Consistent exposures are made by metering exposure against a grey card every time the light changes. Film cameras look for an 18 percent grey. A lot of digital cameras look for an 11 percent grey. The Seculine ProDisk Mini does not state the percentage of grey in their card. Experiment. Adjust.
I made many fabulous outdoor photographs by exposing against grass, which is often close to density of the right grey. The problems occur when the light changes. Clouds float in front of the sun. You work under trees. You work in the early morning when there is an imbalance of blue or in the late afternoon when there is an imbalance of red. You are out on a farm in drought when the grass turns yellow. You are in the 80 percent of Australia that is too dry for grass.
Colour reference
Colour reference charts can contain many colours.
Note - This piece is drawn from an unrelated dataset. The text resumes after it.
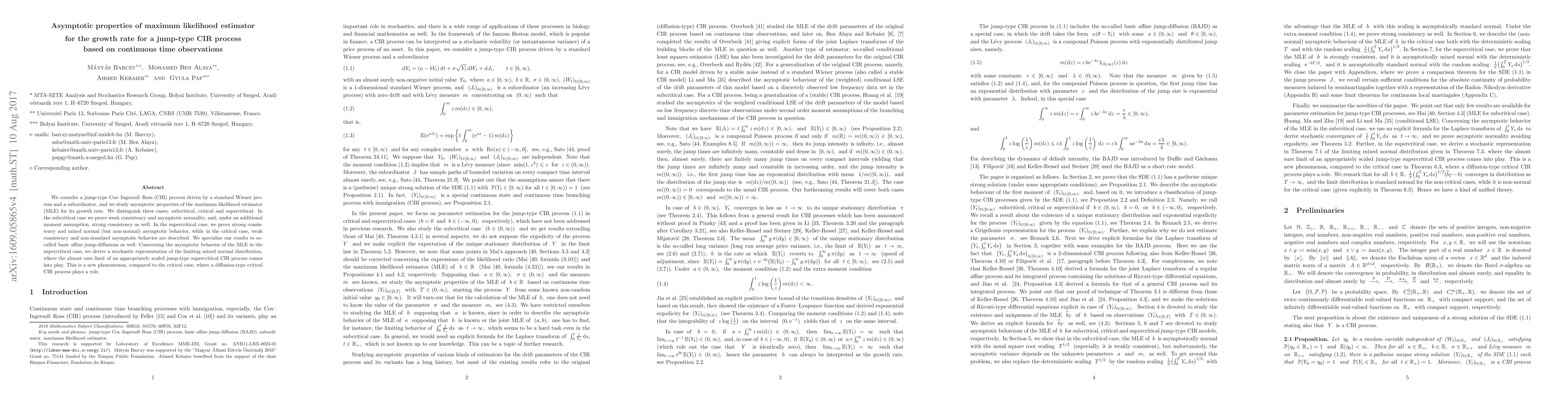 We consider a jump-type Cox--Ingersoll--Ross (CIR) process driven by a standard Wiener process and a subordinator, and we study asymptotic properties of the maximum likelihood estimator (MLE) for its growth rate. We distinguish three cases: subcritical, critical and supercritical. In the subcritical case we prove weak consistency and asymptotic normality, and, under an additional moment assumption, strong consistency as well. In the supercritical case, we prove strong consistency and mixed normal (but non-normal) asymptotic behavior, while in the critical case, weak consistency and non-standard asymptotic behavior are described. We specialize our results to so-called basic affine jump-diffusions as well. Concerning the asymptotic behavior of the MLE in the supercritical case, we derive a stochastic representation of the limiting mixed normal distribution, where the almost sure limit of an appropriately scaled jump-type supercritical CIR process comes into play. This is a new phenomenon, compared to the critical case, where a diffusion-type critical CIR process plays a role.

Only a few are essential. You want white and black to set the brightest and darkest areas in the image. You want red, green, and blue to balance the colour recorded by the red, green, and blue image sensors in the camera. Everything else is decorative on screen.
Cyan, magenta, and yellow are useful when printing images because printers use those three colours. If your image has the right balance of red, green, and blue, the other colours will be right. Adding cyan, magenta, and yellow to an image simply reduces the work required to check the printing.
The following image shows the colour chart on the left and the white balance filter on the right.

Price
Start with the price. This should be a cheap plastic item. Because it is photographic equipment and sold in Australia, it is AU$85.00 instead of $29.95. Update May 2011: Gerry Gibbs Camera Warehouse in Perth is offering the Seculine ProDisk Mini for $49.98 and the larger Seculine ProDisk II for $48.88.
The Seculine ProDisk Mini is worth the price for a professional and a professional making good money could buy the far more expensive X-rite system to fit in with the X-rite add-on products for Photoshop. The Seculine fits better in the areas of serious amateur and travellers.
The following image has the colour balanced to produce a whiter white. Compare the colours in this image to the image at the top of the page.

Size
This is the mini version and I like it because of the smaller size. It is less weight to carry and is just big enough to be useful. There is a larger version for studio use. The more expensive X-rite alternative fits neither the small portable utility category nor the big studio category. I like the mini size.
Mirror
There is a metal mirror on the back of the ProDisk Mini. You might be able to do your hair before a photograph using the mirror. The second time you pull the ProDisk mini from your camera kit, the mirror will be scratched and useless. I carry the ProDisk Mini in a zip lock plastic bag to keep scratches off the mirror and to keep rain/wine/fruit juice from wetting the colour chart.
Conclusion
If you spend more than a thousand dollars on your camera, keep spending to get a kit of accessories including the ProDisk Mini. For cheaper cameras, white balance against white paper and measure exposure against grey office paper or green grass.